In this photo released by the South Korean Unification Ministry, the head of North Korea's delegation Kim Song Hye, center, shakes hands with South Korean delegate Kwon Young-yang, right, as South Korea's Unification Policy Officer Chun Hae-sung, second from right, shakes hands with an unidentified North Korean officer, left, upon their arrival for a meeting at the southern side of Panmunjom, which has separated the two Koreas since the Korean War, in Paju, north of Seoul, South Korea, Sunday, June 9, 2013 (Photo: AP)
Just hours before North and South Korea are scheduled to hold their first high-level talks for six years, it was still unclear Tuesday exactly who would be doing the talking.
A five-member North Korean negotiating team is supposed to cross the land border early Wednesday morning and drive down to the South Korean capital where the talks are to be held in the Grand Hilton hotel in Seoul.
After a lengthy delay, the two sides finally exchanged lists identifying the proposed members of their respective delegations on Tuesday afternoon.
"But the North said it had an issue with the chief delegate from our side," a South Korean government official said without elaborating.
"Since then, exchanges between the two sides have been continuing," the official told AFP on condition of anonymity.
Neither list was made public.
After months of elevated military tensions that triggered dramatic threats of nuclear war, it is enough for many on the Korean peninsula and beyond that the two Koreas are holding any sort of dialogue at all.

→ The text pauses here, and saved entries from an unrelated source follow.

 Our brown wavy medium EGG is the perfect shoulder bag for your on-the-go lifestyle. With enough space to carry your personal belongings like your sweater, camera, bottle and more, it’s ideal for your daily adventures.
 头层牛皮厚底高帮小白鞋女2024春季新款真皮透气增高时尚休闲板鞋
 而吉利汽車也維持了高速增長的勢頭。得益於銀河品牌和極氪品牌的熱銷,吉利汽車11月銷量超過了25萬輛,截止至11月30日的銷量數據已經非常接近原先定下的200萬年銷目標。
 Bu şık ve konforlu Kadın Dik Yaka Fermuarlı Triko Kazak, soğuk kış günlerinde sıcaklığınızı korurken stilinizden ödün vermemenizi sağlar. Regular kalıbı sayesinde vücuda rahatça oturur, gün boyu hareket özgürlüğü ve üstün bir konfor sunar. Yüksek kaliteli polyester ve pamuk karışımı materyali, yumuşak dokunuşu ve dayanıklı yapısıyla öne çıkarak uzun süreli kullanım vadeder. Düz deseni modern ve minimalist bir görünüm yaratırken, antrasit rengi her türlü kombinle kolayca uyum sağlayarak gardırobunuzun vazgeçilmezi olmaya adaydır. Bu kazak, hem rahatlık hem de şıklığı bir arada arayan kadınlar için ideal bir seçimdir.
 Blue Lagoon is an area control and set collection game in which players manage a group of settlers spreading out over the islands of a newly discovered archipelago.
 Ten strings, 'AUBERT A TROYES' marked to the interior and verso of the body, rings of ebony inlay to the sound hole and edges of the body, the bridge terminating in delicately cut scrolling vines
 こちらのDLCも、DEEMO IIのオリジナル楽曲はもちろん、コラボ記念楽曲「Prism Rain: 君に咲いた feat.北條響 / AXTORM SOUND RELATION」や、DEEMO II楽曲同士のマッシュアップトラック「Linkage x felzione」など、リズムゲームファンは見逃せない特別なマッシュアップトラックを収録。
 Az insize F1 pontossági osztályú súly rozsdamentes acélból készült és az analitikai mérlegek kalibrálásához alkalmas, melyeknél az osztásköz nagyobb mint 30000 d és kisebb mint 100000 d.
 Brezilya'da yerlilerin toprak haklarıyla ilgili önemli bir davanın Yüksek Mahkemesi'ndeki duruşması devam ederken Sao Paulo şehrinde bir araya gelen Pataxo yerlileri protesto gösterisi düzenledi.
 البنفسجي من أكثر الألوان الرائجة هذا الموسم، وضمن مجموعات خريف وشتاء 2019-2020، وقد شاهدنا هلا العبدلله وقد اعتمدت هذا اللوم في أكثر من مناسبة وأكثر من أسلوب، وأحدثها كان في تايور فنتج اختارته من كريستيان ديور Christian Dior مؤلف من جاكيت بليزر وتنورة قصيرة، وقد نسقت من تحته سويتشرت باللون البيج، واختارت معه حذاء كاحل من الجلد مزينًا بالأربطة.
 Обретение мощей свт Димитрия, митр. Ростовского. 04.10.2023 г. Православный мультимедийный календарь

But if both sides are sincere about making tangible progress, then their delegations need to be headed by someone with the authority to negotiate and make decisions.
South Korea had wanted the two-day talks to be between its pointman on North Korea, Unification Minister Ryoo Kihl-Jae, and his counterpart in Pyongyang, Kim Yang-Gon.
A dialogue at that ministerial level has not been held since 2007.
But North Korea refused, and the two sides ended up agreeing to field government officials with some ill-defined responsibility for inter-Korean affairs.
The lack of clarity was clearly behind Tuesday's continued haggling over the chief delegates, and demonstrated the deep level of mistrust that still dominates inter-Korean relations.
The talks in Seoul are supposed to focus on a pair of suspended joint commercial projects, including the Kaesong industrial complex that North Korea effectively closed in April at the height of the recent tensions.
South Korean President Park Geun-Hye said Tuesday she hoped the talks would mark a "first step" in a trust-building process to bring some permanent level of peace and stability to the Korean peninsula.
Park insists substantive dialogue on wider issues can only take place if the North shows some tangible commitment to abandoning its nuclear weapons programme.